▸ **TASK TO CARRY OUT**:
Once the line with "on Thursday night." is reached, output it and every line after it, exactly, through the end of the records below. Pictures are skipped.

RECORDS FOR THIS EXERCISE: Begin

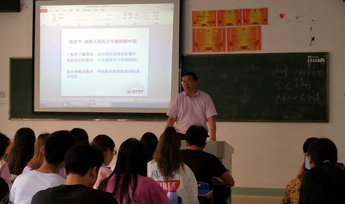 全体参加人员首先在竞秀楼102教室听取吴保春博士为电商A1643班讲授的《中国近现代史纲要》课程,讲授内容为“创建人民民主专政的新中国”。随后,大家围绕吴保春博士的授课,从不同的角度进行了广泛讨论,大家一致认为,吴保春老师具有博士学位和博士后研究经历,具有较高的学术水平和科研能力,为教学提供了坚实的基础,吴博士的授课重点突出、层次分明、教学方法得当,教学效果良好。大家同时也提出了一些意见和建议。
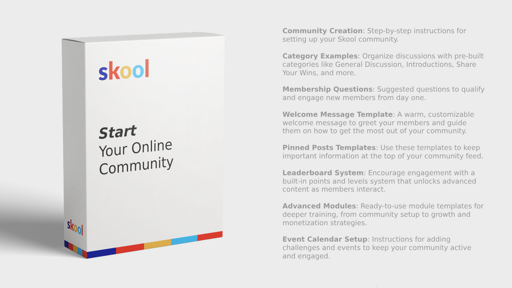 - Community Creation: Step-by-step instructions for setting up your Skool community, including adding a cover photo, community icon, and crafting a compelling description.
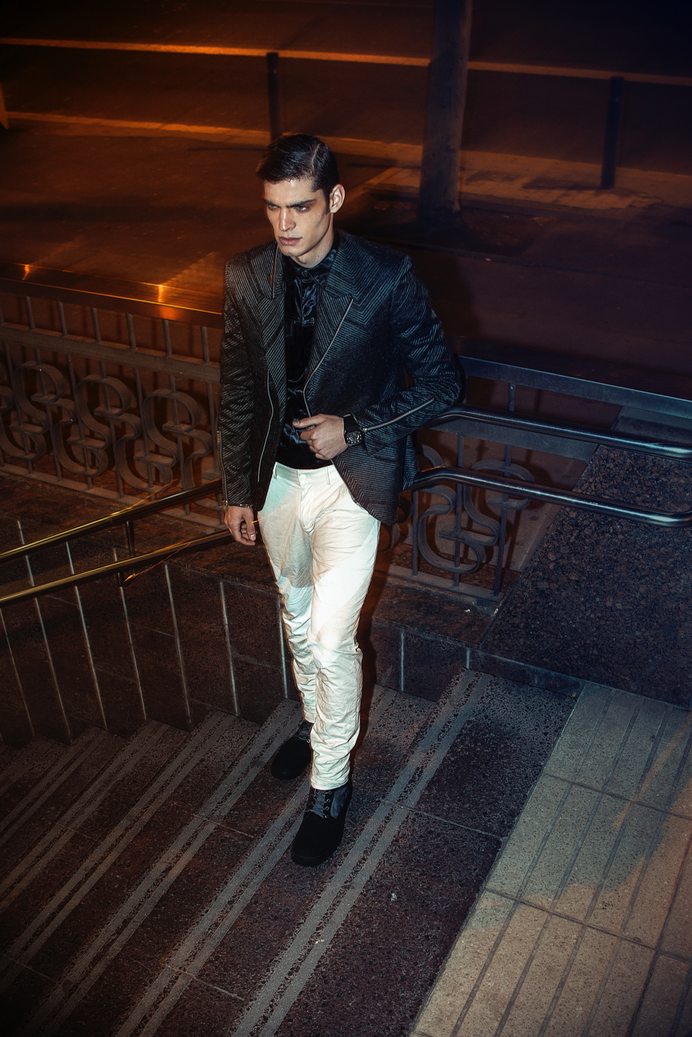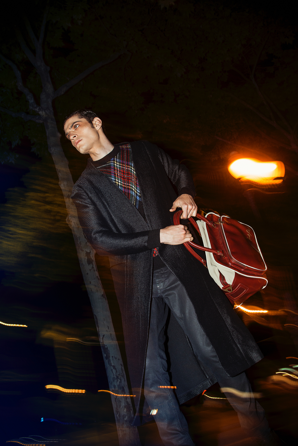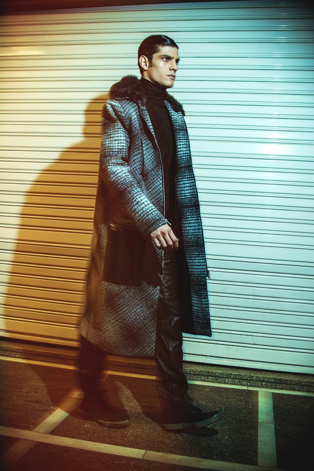 City Lights–Following an exclusive last year, Blow model Stefano returns for a new story lensed by photographer Rubén Suárez. Looking forward to fall, Stefano finds himself outside, styled in cold-weather fashions pulled together by stylist Rocio Valiño. From a metallic bomber and long coat to treated pants, Stefano is easily a modern vision. / Photo assistance by Xevi Abril. Makeup by Dani Moon.
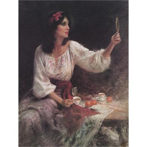 This extraordinarily realistic piece is of a young women looking into a hand mirror while she awaits her company to join her for tea. She wears flowers in her hair and a flowing, long sleeved blouse.
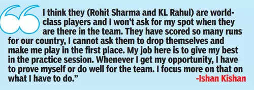 “I think they (Rohit and Rahul) are world-class players and I won’t ask for my spot when they are there in the team. They have scored so many runs for our country, I cannot ask them to drop themselves and make me play in the first place,” Ishan said at the post-match press conference on Thursday night.
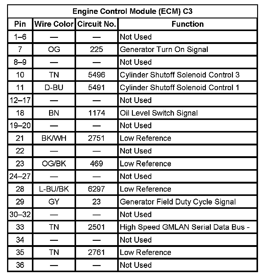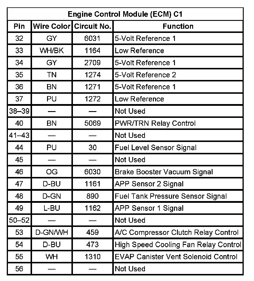 Engine Control Module (ECM) C1 (Pin 32 To 56):
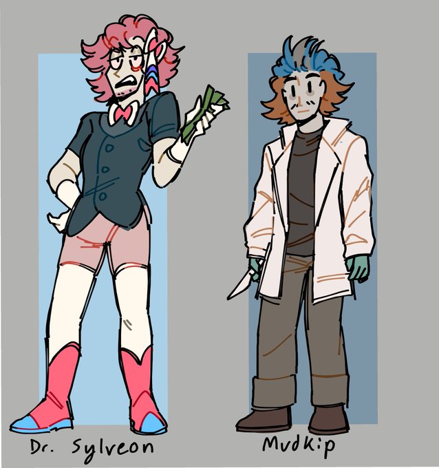 Doodle of mine and my friend (@Tak0ika )’s trainers for our Soullinke!! We already almost lost the starters wish us luck
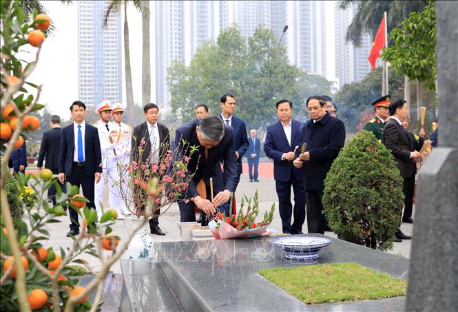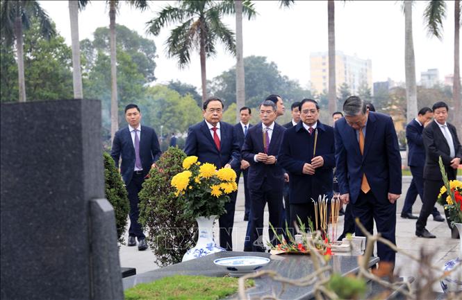 Đoàn đại biểu lãnh đạo Đảng, Nhà nước, Ủy ban Trung ương Mặt trận Tổ quốc Việt Nam dâng hương tưởng niệm các vị tiền bối cách mạng và các Anh hùng, liệt sỹ tại Nghĩa trang Mai Dịch. Ảnh: Văn Điệp/TTXVN

RECORDS FOR THIS EXERCISE: End

▸ **RESPONSE TO THE EXERCISE**:
 “I think they (Rohit and Rahul) are world-class players and I won’t ask for my spot when they are there in the team. They have scored so many runs for our country, I cannot ask them to drop themselves and make me play in the first place,” Ishan said at the post-match press conference on Thursday night.
 Engine Control Module (ECM) C1 (Pin 32 To 56):
 Doodle of mine and my friend (@Tak0ika )’s trainers for our Soullinke!! We already almost lost the starters wish us luck
 Đoàn đại biểu lãnh đạo Đảng, Nhà nước, Ủy ban Trung ương Mặt trận Tổ quốc Việt Nam dâng hương tưởng niệm các vị tiền bối cách mạng và các Anh hùng, liệt sỹ tại Nghĩa trang Mai Dịch. Ảnh: Văn Điệp/TTXVN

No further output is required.